Targeted Therapy Shows Benefit in Rare Type of Thyroid Cancer
Adapted from the NCI Cancer Bulletin.
Treatment with the multitargeted agent vandetanib (Caprelsa®) improved progression-free survival in patients with medullary thyroid cancer (MTC), according to findings from a randomized clinical trial. Earlier this year, the Food and Drug Administration (FDA) approved vandetanib for the treatment of patients with MTC based on initial findings from the phase III trial. MTC is a rare cancer, accounting for only 5 percent of all thyroid cancer cases, and radiation and chemotherapy have limited effects once the cancer progresses to an advanced stage.
The trial's results were published online October 24, 2011 in the Journal of Clinical Oncology.
At 24 months of follow-up, median progression-free survival had not yet been reached for patients who received vandetanib, reported Samuel Wells, M.D., of the Medical Oncology Branch in NCI's Center for Cancer Research and his colleagues. Estimated progression-free survival for the patients treated with vandetanib was 30.5 months, compared with 19.3 months for patients who received a placebo.

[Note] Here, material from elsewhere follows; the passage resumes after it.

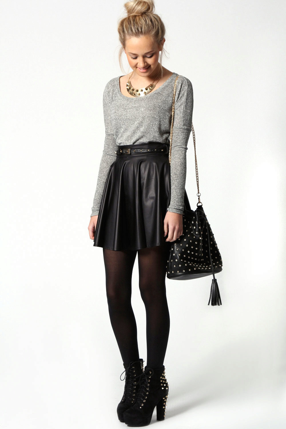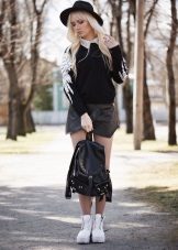 For a bold and slightly brutal look, black satin corset and cropped leather jacket are worn to a black leather skirt, complementing the outfit with massive shoes or sneakers.

The double-blinded trial enrolled 331 patients with MTC who were randomly assigned to receive vandetanib or a placebo. All patients had locally advanced disease or distant metastases. If there was evidence that their disease was progressing, patients in the placebo arm could opt to receive open-label vandetanib.
In addition to the improvement in progression-free survival, the objective response rate was higher and several other disease-related measures were better in the vandetanib arm than in the placebo arm. One of the drug's targets is RET kinase, and the measurable response rate appeared to be higher in patients with RET mutations than in those without mutations. Because so few patients were defined as not having a RET mutation, the response rate in RET mutation-negative patients remains uncertain.
Because 52 patients in the placebo arm received open-label vandetanib, the authors explained, it may not be possible for the trial to show an improvement in overall survival.
A number of side effects were more common in patients who received vandetanib, including diarrhea, nausea, and hypertension; 12 percent of patients stopped taking the drug because of side effects.
Vandetanib's side-effect profile should influence which patients with MTC receive the drug, wrote Benjamin Solomon, M.B.B.S., Ph.D., and Danny Rischin, M.D., of the Peter MacCallum Cancer Center in Australia in an accompanying editorial. The 8 percent of patients treated with vandetanib who had QTc prolongation, a type of heart rhythm disturbance, is "particularly concerning," they continued. Because of the risk of QTc prolongation, vandetanib is only available under a Risk Evaluation and Mitigation Strategy.
Patients with advanced MTC who are not exhibiting symptoms should simply be monitored for evidence of disease progression, Drs. Solomon and Rischin advised. "In contrast, patients who are symptomatic, have a high disease burden, or have rapidly progressing disease stand to benefit the most from treatment with vandetanib."